For an almost entirely Indian band fronted by a woman, occupying a space in the largely white and largely sexist punk scene has the potential to be fraught with complications. “To me, even when we play a hard show, and it’s late, and we all have to work in the morning, and you’re tired, and you’re like, ‘Why am I doing this again for $50 or whatever,’ having that one woman of color come up to you after the show and be like, ‘Oh my god, I just—‘ and I’m like, ‘Oh my god I know,'” Palit said.
“What I’m learning this year is that [women think that] anger isn’t okay to feel, rage isn’t okay to feel, and women are socialized to be super nice and super chill,” Palit said. “I hope that some part of being free and liberated and disembodied for a moment in the music can be powerful especially for women and particularly for women of color.”
“I think they’re radical,” Palit says of Awaaz Do’s politics.
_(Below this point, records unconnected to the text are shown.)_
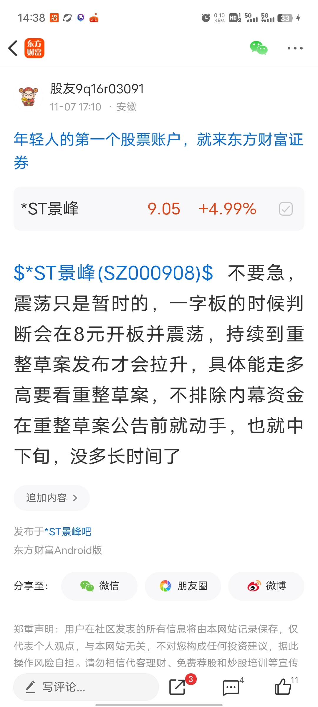 温馨提示: 1.根据《证券法》规定,禁止编造、传播虚假信息或者误导性信息,扰乱证券市场;2.用户在本社区发表的所有资料、言论等仅代表个人观点,与本网站立场无关,不对您构成任何投资建议。用户应基于自己的独立判断,自行决定证券投资并承担相应风险。《东方财富社区管理规定》
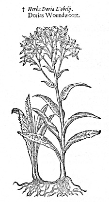 1. Herba doria. This plant hath long and large thick and fat leaves, sharp pointed, of a blueish green like unto Woad, which being broken with the hands hath a pretty spicy smell. Among these leaves riseth up a stalk of the height of a tall man, divided at the top into many other branches, whereupon grow small yellowish flowers, which turneth into down that flieth away with the wind. The root is thick almost like Helleborus albus.
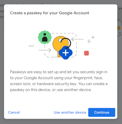 2. Click Create a passkey. An overlay will display, confirming that you can create a passkey on the device. Click Continue.
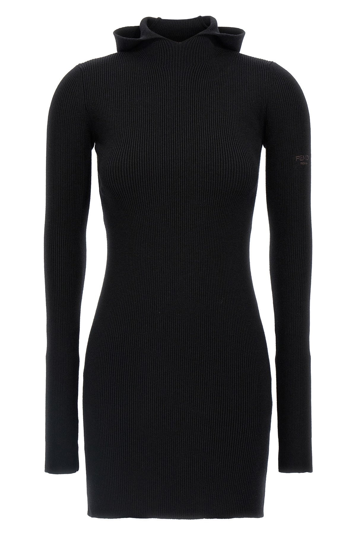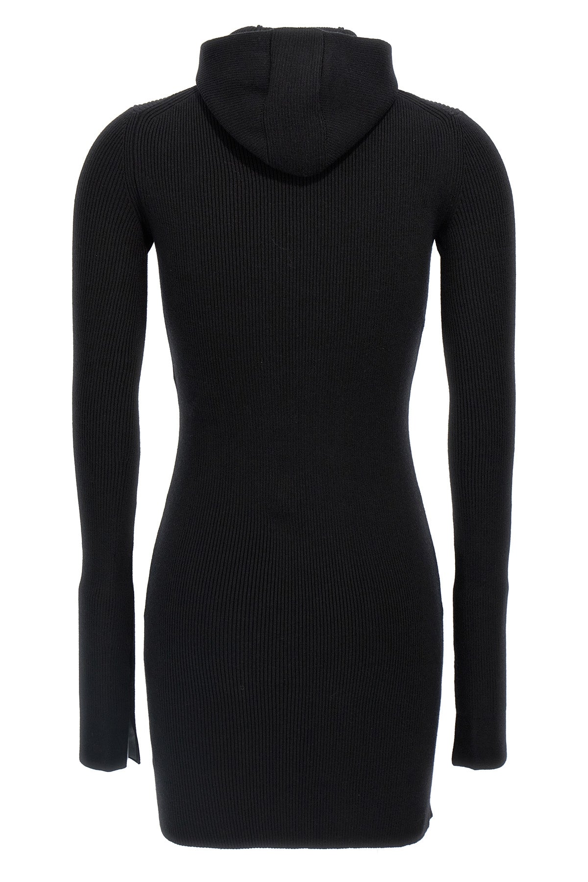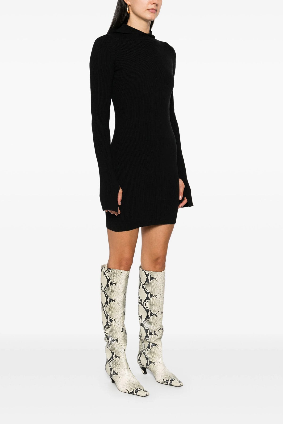 Robe à capuche en laine côtelée et soie, manches longues et fentes.
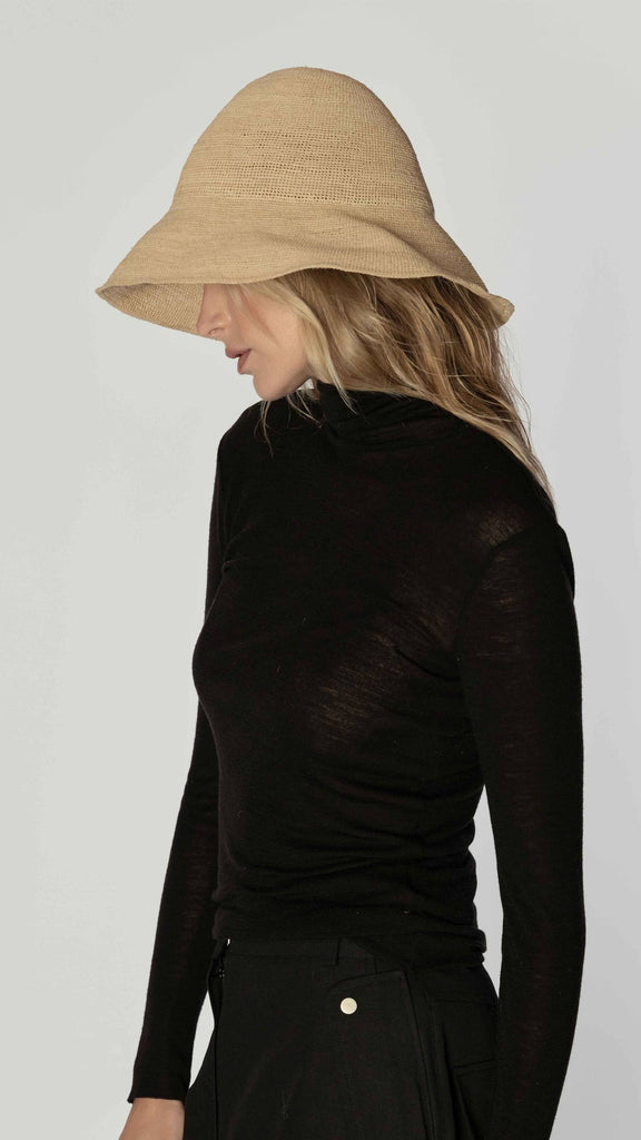 Teagan is made from straw harvested from the frond leaf in Madagascar and hand-crocheted into a light, durable fiber. Its malleable shape makes it ideal for packing with you on any journey. This raffia bucket hat provides structural design capability in the brim, allowing for any shape alterations.
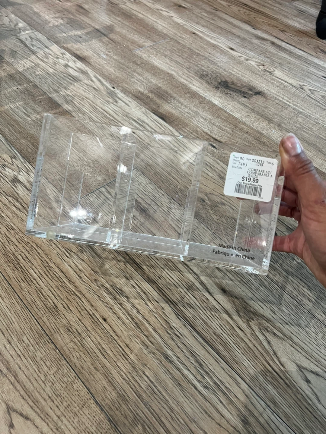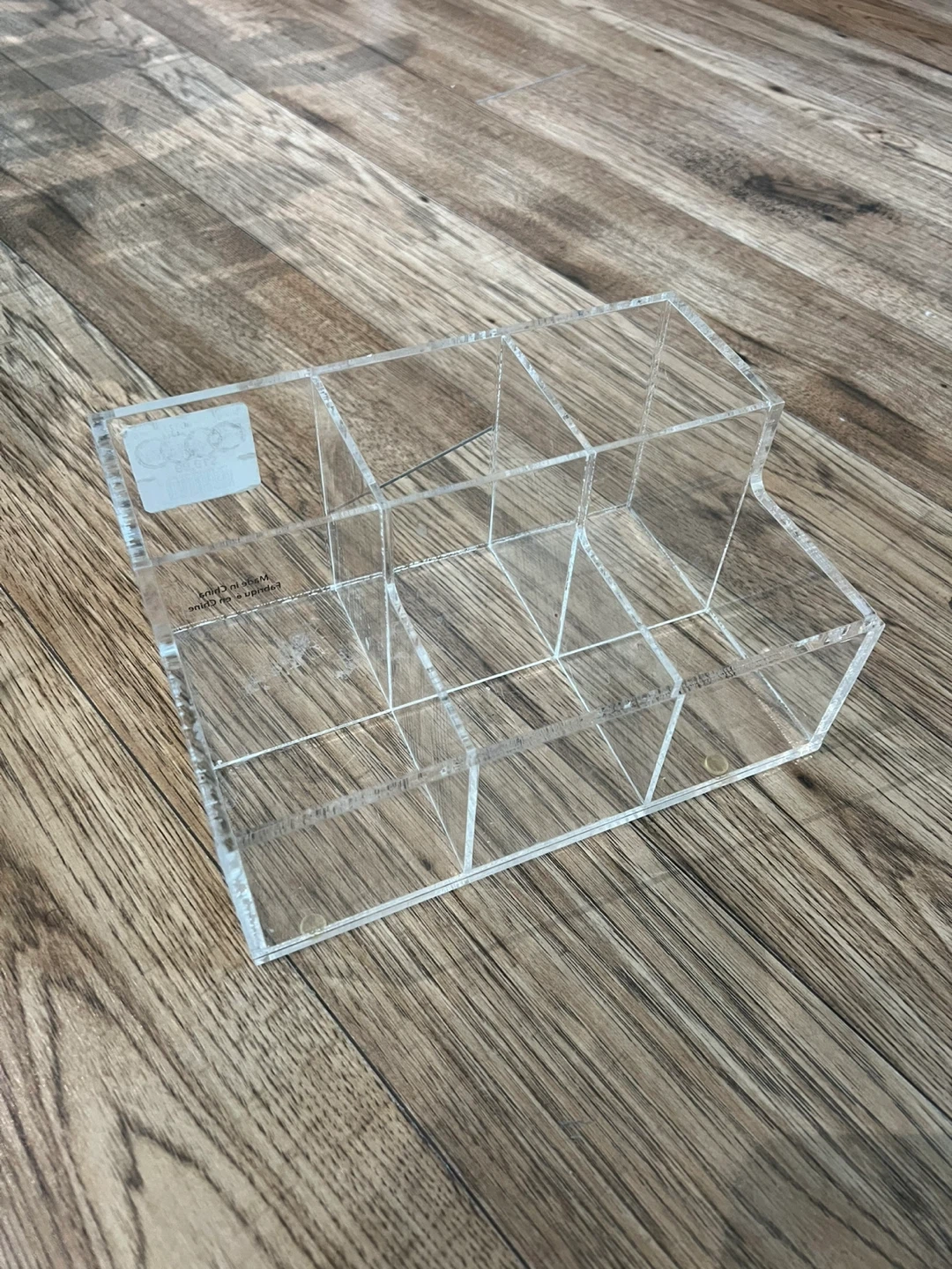 Here's a clear acrylic makeup organizer! It has multiple compartments to keep your cosmetics neat and tidy. Originally bought for $19.99, it's in great condition and ready to help you organize your space
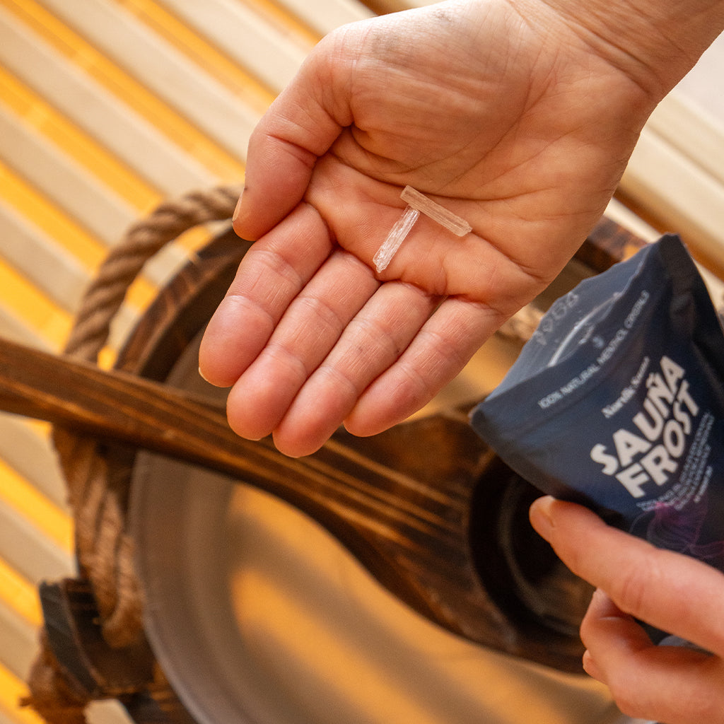 Med Sauna Frost upplever du den rena kraften av mentolkristaller. En naturlig produkt baserad på eterisk olja, extraherad från åkermynta. Känd för sin fräscha, kyliga doft och dess förmåga att öppna luftvägarna, erbjuder Sauna Frost en förnyad och uppfriskande bastuupplevelse.
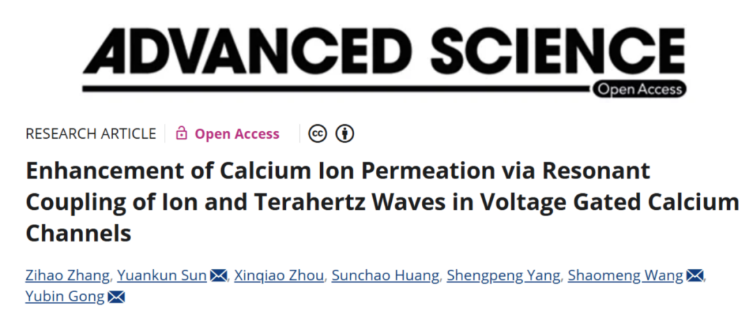 原标题:《【科技前沿】Adv Sci | 电子科大宫玉彬团队提出离子靶向新机制:太赫兹波直接共振钙通道内离子,实现通透增强》
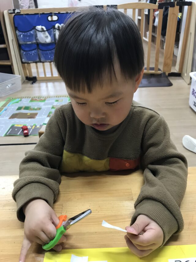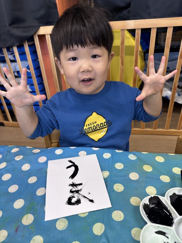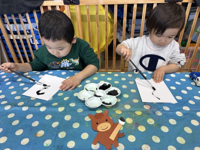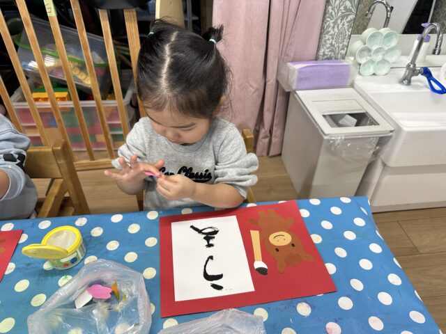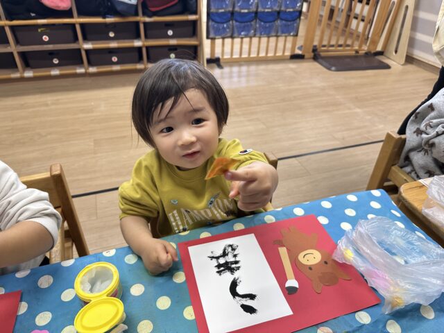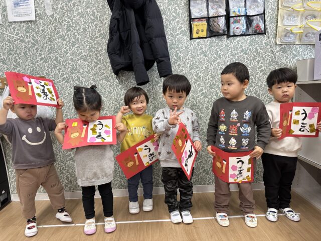 2026.01.9 保育園の日常、誉田保育園 「できたー!!」2歳児♪ 新年を迎え、保育園の玄関にもお正月飾りが♡ 記念に「ハイチーズ!」 お正月といえば、書初め!今年の干支は・・・・? 「うまー!!」とても上手に書けました! 新年、新しいことにもチャレンジ!! はさみに挑戦です!「ドキドキするなぁ・・・」 はさみも紙も、しっかり持ってチョキン♪ 切った折り紙をのりで貼ります!「のりは少しだけ取るんだよね!」 「見てー!のり付けられたよ~!」 「できた~!」素敵な作品が完成しました♡今年も色々なことにチャレンジしようね!

Punk is, after all, political. “I hope they’re radical. and I hope they’re exploratory and trying to talk about issues of race and talk about issues of post colonial identity and liberation.”
“What moves us is music, and what moves me to take music a little more seriously is how we live in a time where artists have an opportunity to help pave the future,” she continued. “I think in many ways, from the Black Lives Matter movement to what’s happening in India with the Dalit Women Fight and other organizations that are talking about caste injustice, I feel deeply moved by that and music is the way that I speak to that personally.”